* [WHAT THIS TASK INVOLVES]:
The reply should match the listing below character for character, except that no image is carried over.

Start of Block

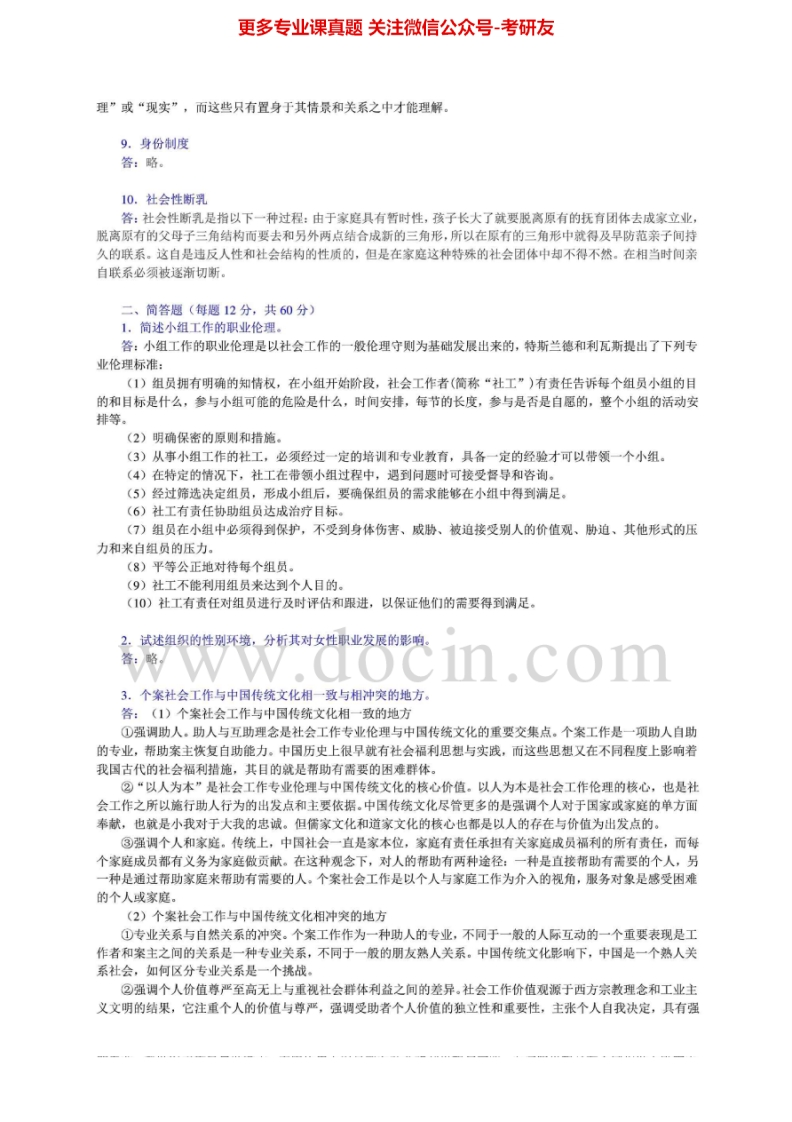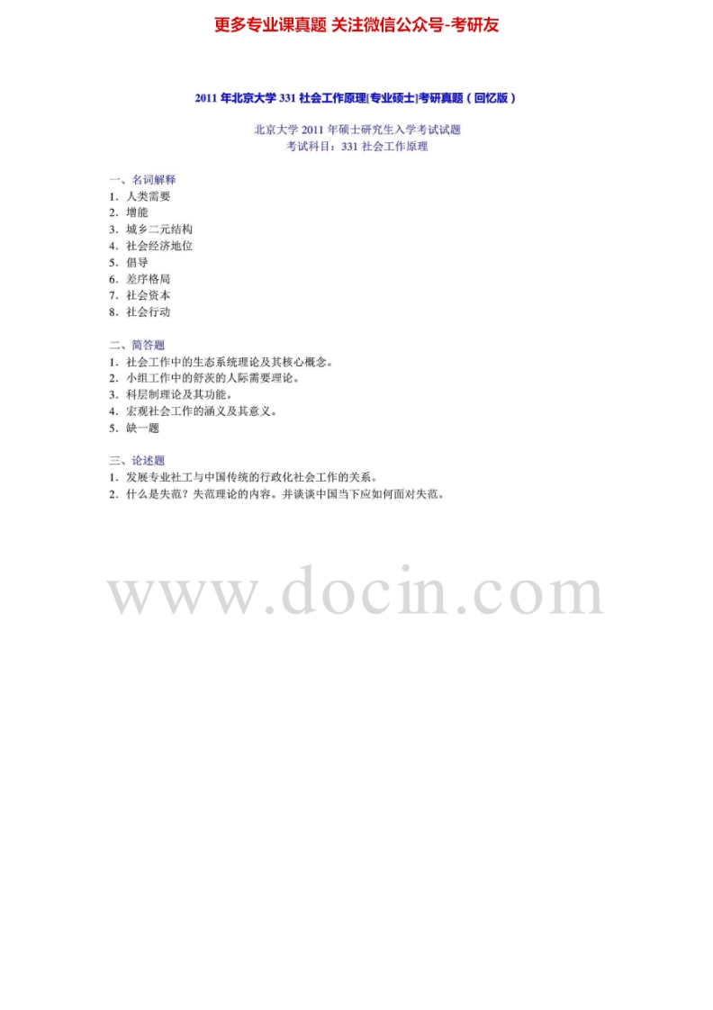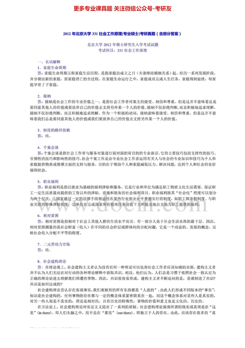 北京大学331社会工作原理2010-2012年真题及答案考研真题汇编猴哥6个月前发布关注私信5.08MB15页07146北京大学331社会工作原理2010-2012年真题及答案考研真题汇编此内容为免费资源,请登录后查看¥0 登录查看免费资源 第1页 / 共15页 第2页 / 共15页 第3页 / 共15页 第4页 / 共15页 第5页 / 共15页 该文档为免费文档,您可直接下载完整版进行阅读 © 版权声明文章版权归作者所有,未经允许请勿转载。THE END《北京大学》(331)社会工作原理考研资料考研专业课 喜欢就支持一下吧点赞46赞赏 分享QQ空间微博QQ好友海报分享复制链接收藏
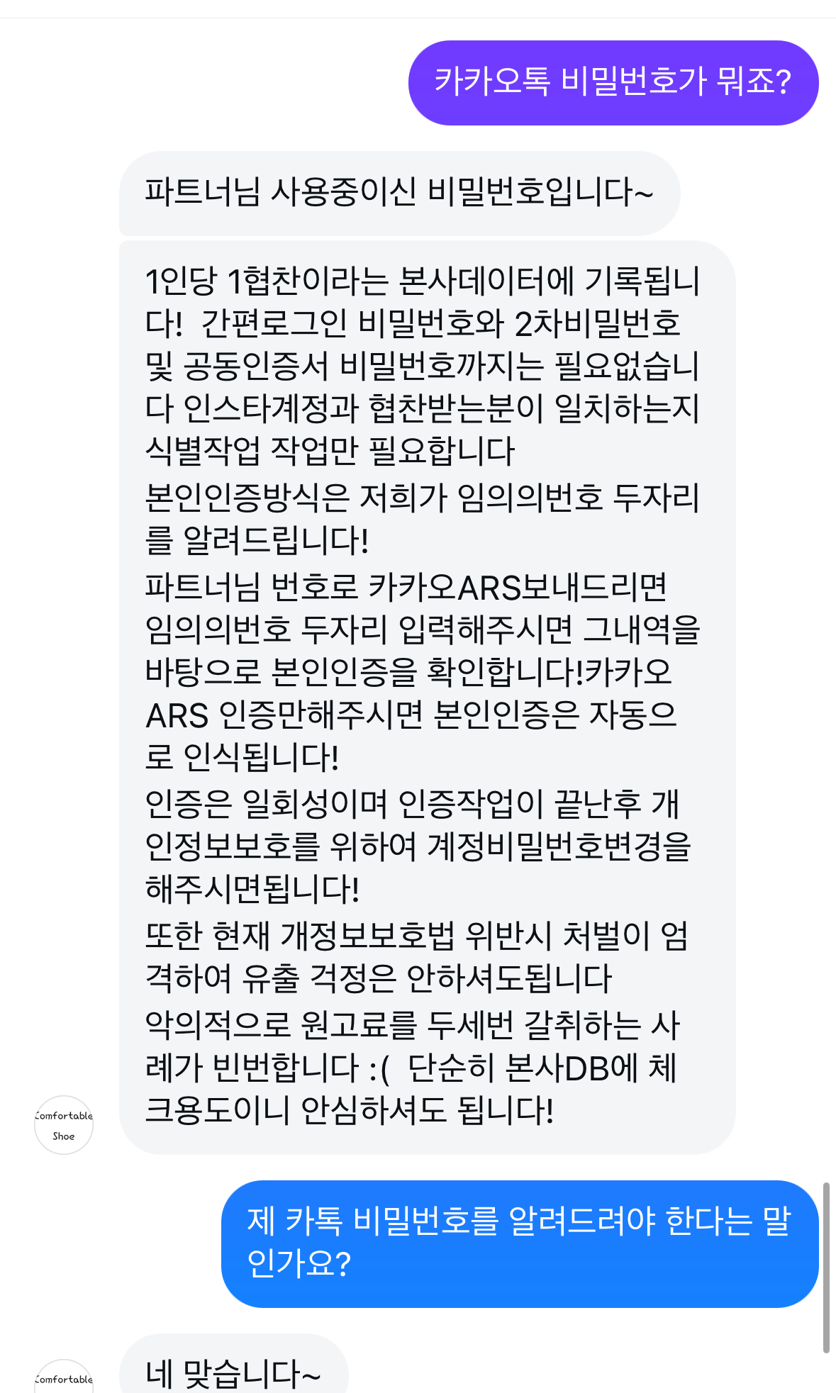 다시 되물어도 돌아오는 대답은 카카오톡 비밀번호가 맞다네요? 협찬 받는데 카카오톡 비밀번호가 필요 했던가
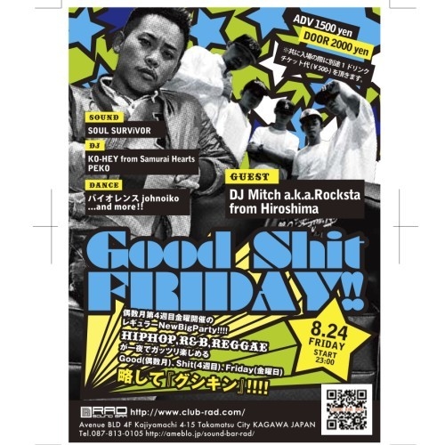 『Good Shit FRIDAY!!!!』 偶数月第4週目金曜開催のレギュラーNewBigParty!!!! HIPHOP,R&B,REGGEAが一夜でガッツリ楽しめる Good(偶数月)、Shit(4週目)、Friday(金曜日) 略して『グシキン』!!!! ■START 23:00 @Sound Bar RAD ADV:1500yen DOOR:2000yen ※共に入場の際に別途1ドリンクチケット代(\500-)を頂きます。 ■Guest DJ Mitch a.k.a.Rocksta from Hiroshima ■SOUND SOUL SURViVOR ■DJ HO-HEY (Samurai Heats) PEKO ■DANCE バイオレンスjohnoiko JUICE HP http://www.club-rad
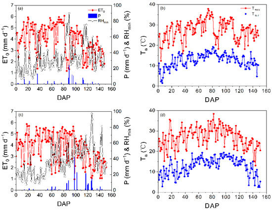 Daily variations of reference evapotranspiration (ET0), precipitation (P), daily minimum relative humidity (RHmin), and maximum and minimum air temperature (Tmax and Tmin) with days after planting (DAP) during the whole growth period of maize in 2017 (a,b) and 2018 (c,d).
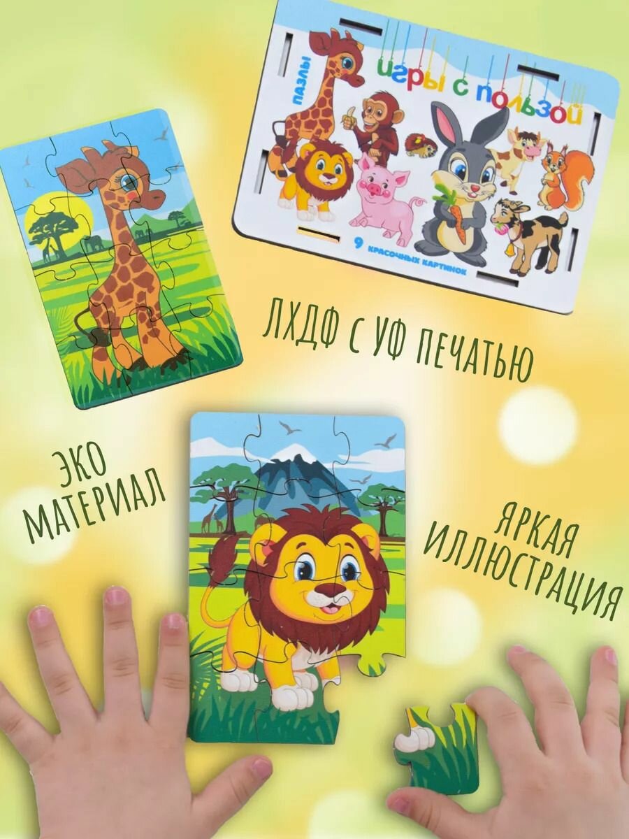 Набор деревянныз развивающих пазлов для детей от 1 года 9 шт интересное:

End of Block

* [ANSWER SPACE]:
 北京大学331社会工作原理2010-2012年真题及答案考研真题汇编猴哥6个月前发布关注私信5.08MB15页07146北京大学331社会工作原理2010-2012年真题及答案考研真题汇编此内容为免费资源,请登录后查看¥0 登录查看免费资源 第1页 / 共15页 第2页 / 共15页 第3页 / 共15页 第4页 / 共15页 第5页 / 共15页 该文档为免费文档,您可直接下载完整版进行阅读 © 版权声明文章版权归作者所有,未经允许请勿转载。THE END《北京大学》(331)社会工作原理考研资料考研专业课 喜欢就支持一下吧点赞46赞赏 分享QQ空间微博QQ好友海报分享复制链接收藏
 다시 되물어도 돌아오는 대답은 카카오톡 비밀번호가 맞다네요? 협찬 받는데 카카오톡 비밀번호가 필요 했던가
 『Good Shit FRIDAY!!!!』 偶数月第4週目金曜開催のレギュラーNewBigParty!!!! HIPHOP,R&B,REGGEAが一夜でガッツリ楽しめる Good(偶数月)、Shit(4週目)、Friday(金曜日) 略して『グシキン』!!!! ■START 23:00 @Sound Bar RAD ADV:1500yen DOOR:2000yen ※共に入場の際に別途1ドリンクチケット代(\500-)を頂きます。 ■Guest DJ Mitch a.k.a.Rocksta from Hiroshima ■SOUND SOUL SURViVOR ■DJ HO-HEY (Samurai Heats) PEKO ■DANCE バイオレンスjohnoiko JUICE HP http://www.club-rad
 Daily variations of reference evapotranspiration (ET0), precipitation (P), daily minimum relative humidity (RHmin), and maximum and minimum air temperature (Tmax and Tmin) with days after planting (DAP) during the whole growth period of maize in 2017 (a,b) and 2018 (c,d).
 Набор деревянныз развивающих пазлов для детей от 1 года 9 шт интересное:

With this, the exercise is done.